Eye – ground: The truth in a distorting mirror

It is the so-called digital fundus-camera equipped with the real-time aberrometer. In fact, two devices are combined in it – one of them enables to see the eye-ground and the other corrects distortions caused by the optical medium of the specific patient’s eye.

As a matter of fact, physicians have been using fundus-cameras for a long time, i.e. diagnostic devices for eye-ground investigation (fundus or more precisely fundus oculi – is the eye-ground). The first similar devices appeared back in the middle of the century before last, and constituted the optical system of lenses, mirrors and light bias, with the help of which it was possible to see blowup of the retina and the vessels feeding it. Since that time, fundus-cameras have been repeatedly improved and became digital – like digital cameras, however, the researchers failed to make the picture sufficiently distinct (at micron definition). It is the eye itself that impeded – its optical medium absorbs light, and its component “details” – cornea, lens and so on, including the eyeball per se – repeatedly change light waves’ direction, thus “blurring” the final image. Physicists call this phenomenon aberration – imperfection of the optical system.

Moreover, astronomers have long ago learned to successfully overcome this phenomenon, which distorts the light of faraway stars – with the help of, broadly speaking, distorting mirrors. It is necessary to know how the light waves’ direction changes on the way from their source through to the observer and how to correct the image – as though to “distort it back”. Physicists decided to apply this particular technique to the fundus-camera design: to measure the distortion and to correct it accordingly. An additional infrared laser and a special “ruby” mirror allowed to implement the idea.

So, an ordinary laser (or several lasers, if the image is needed in different spectral regions) illuminates the eye-ground, the light is reflected and when it is going through the optical system of the device it gets onto the camera matrix – this is how the “picture” is obtained, i.e. the image of the retina and the vessels feeding it, which the ophthalmologist needs to see for making a precise diagnosis. A moment prior to the laser starting operation, the aberration correction system is switched on. It means that the infrared laser (which is absolutely safe) will send its ray of light to find out how its intensity and direction will change on the way “down to the bottom and back”.

The sensors, having recorded these changes, send a signal to the “distorting mirror”, which in response distorts it exactly in such a way that compensates for the changes not for the infrared ray but for visible light – the one that allows to obtain the proper image. Only after the mirror gets “tuned up” accordingly, taking into account individual peculiarities of the eye under investigation, the ordinary laser is switched on and sends an impulse of light, which, having been reflected from the eye-ground and having been “corrected” with the help of the “ruby” mirror, gets onto the digital camera matrix.

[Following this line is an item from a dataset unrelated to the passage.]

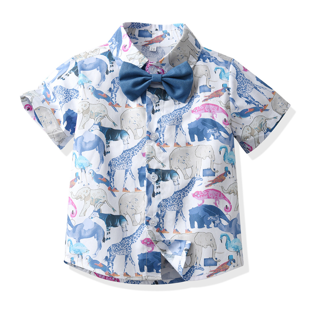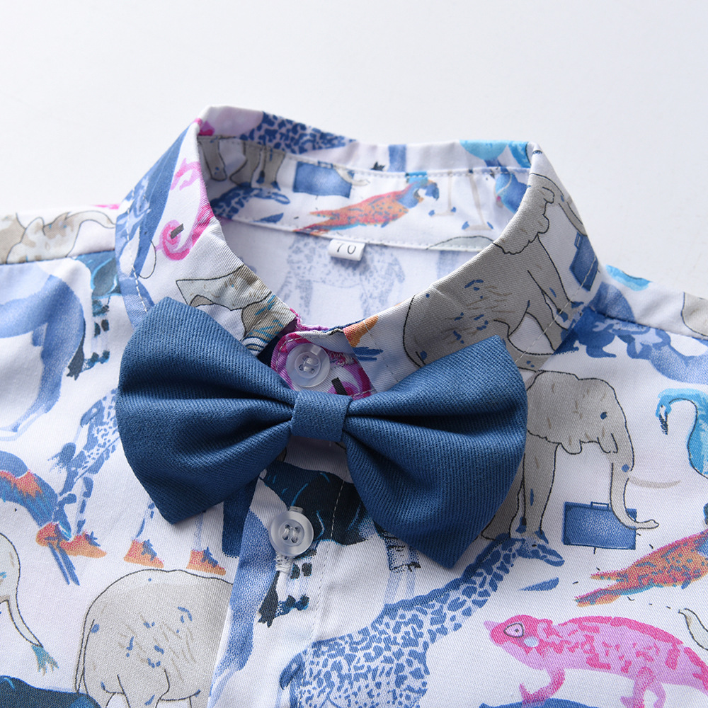 【BB088】韓版小領結繽紛動物園兩件式短袖短褲套裝(2色)

As a result, one can get the eye-ground image several times more distinct as compared to the ones provided by ordinary, also digital fundus-cameras: the image at a micron definition. Habitually blurred picture of the retina and vessels on the computer display of the camera acquires unprecedented sharpness, which allows the ophthalmologist to quickly (at the rate of one shot per second) get an excellent image of the object in question, without spoiling his/her eyes in attempt to sort out “shadows and mists” of the pictures obtained with the help of any other fundus-cameras. Ophthalmologists and patients highly appreciate the Russian physicists’ invention.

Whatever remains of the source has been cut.